# Exercise brief
Give the lines again exactly as they appear below, from the line with "Beylikdüzü'nde bulunan Corner" to the line with "B for White", both included, and only those lines. Leave every picture out.

# Extracted material

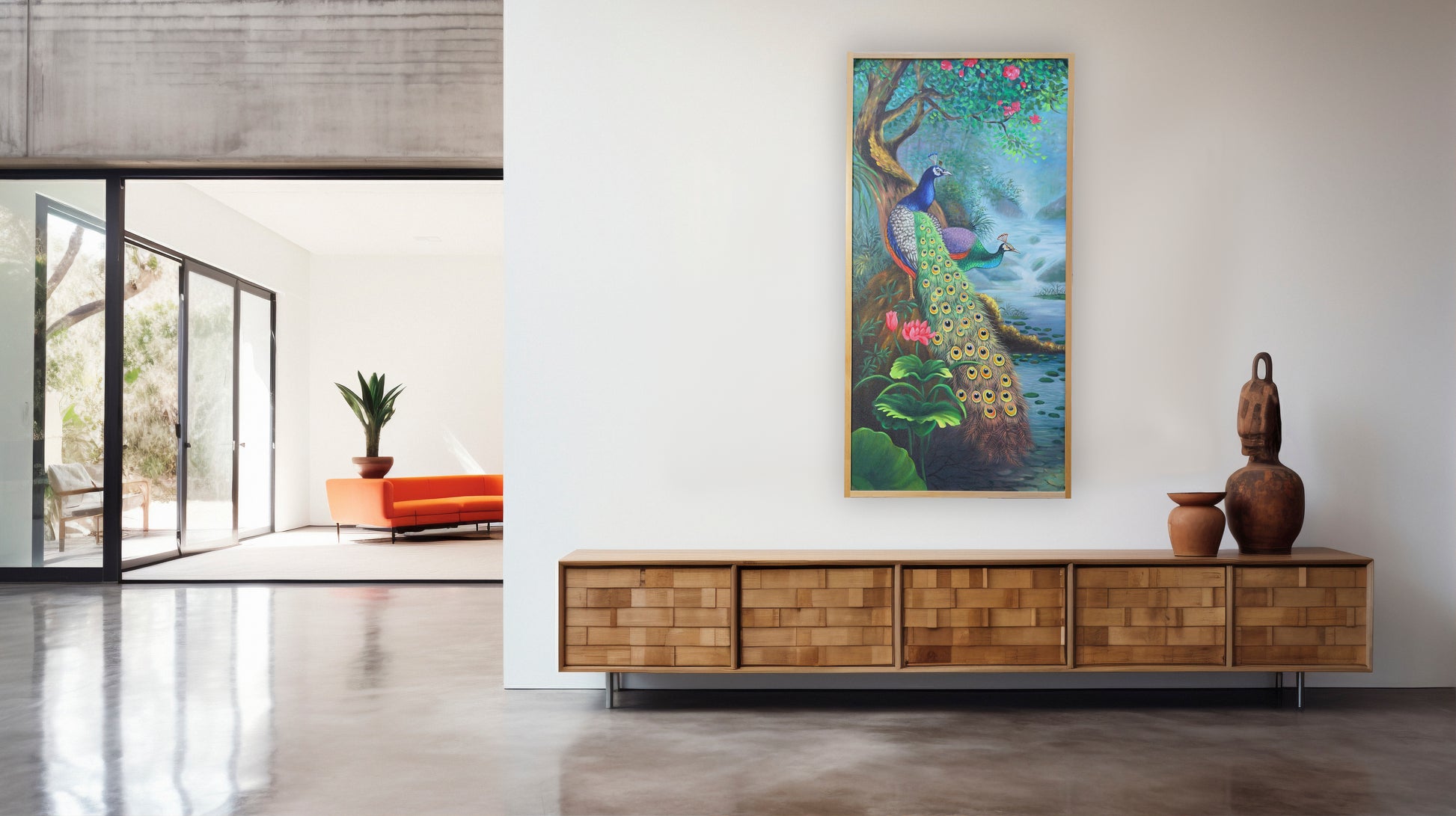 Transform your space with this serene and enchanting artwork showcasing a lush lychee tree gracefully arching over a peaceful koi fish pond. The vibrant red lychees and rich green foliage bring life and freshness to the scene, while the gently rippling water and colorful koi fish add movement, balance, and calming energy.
--
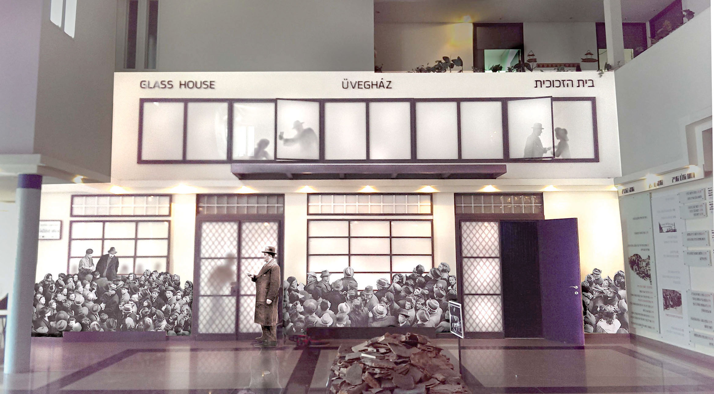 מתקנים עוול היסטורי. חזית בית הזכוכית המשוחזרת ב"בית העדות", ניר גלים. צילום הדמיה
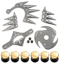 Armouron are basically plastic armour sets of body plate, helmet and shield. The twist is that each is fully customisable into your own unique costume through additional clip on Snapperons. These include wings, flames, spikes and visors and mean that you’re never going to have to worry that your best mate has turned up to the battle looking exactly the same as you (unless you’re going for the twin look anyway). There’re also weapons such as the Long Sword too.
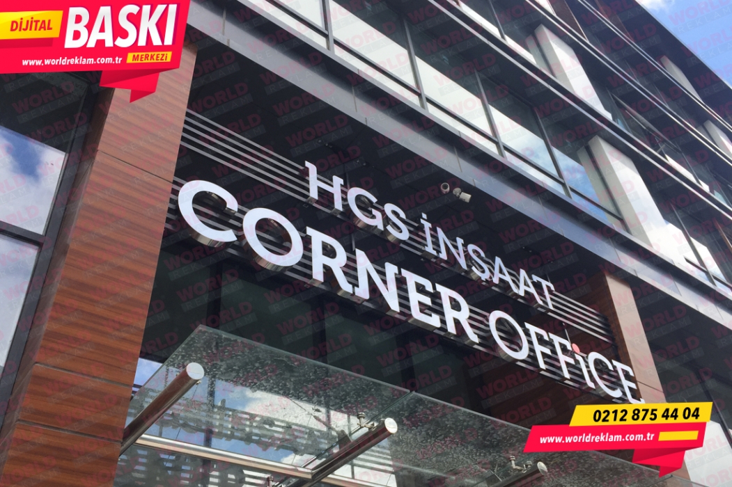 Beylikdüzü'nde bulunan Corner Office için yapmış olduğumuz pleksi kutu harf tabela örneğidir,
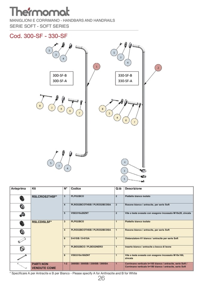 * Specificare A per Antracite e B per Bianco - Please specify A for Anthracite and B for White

# Task result
 Beylikdüzü'nde bulunan Corner Office için yapmış olduğumuz pleksi kutu harf tabela örneğidir,
 * Specificare A per Antracite e B per Bianco - Please specify A for Anthracite and B for White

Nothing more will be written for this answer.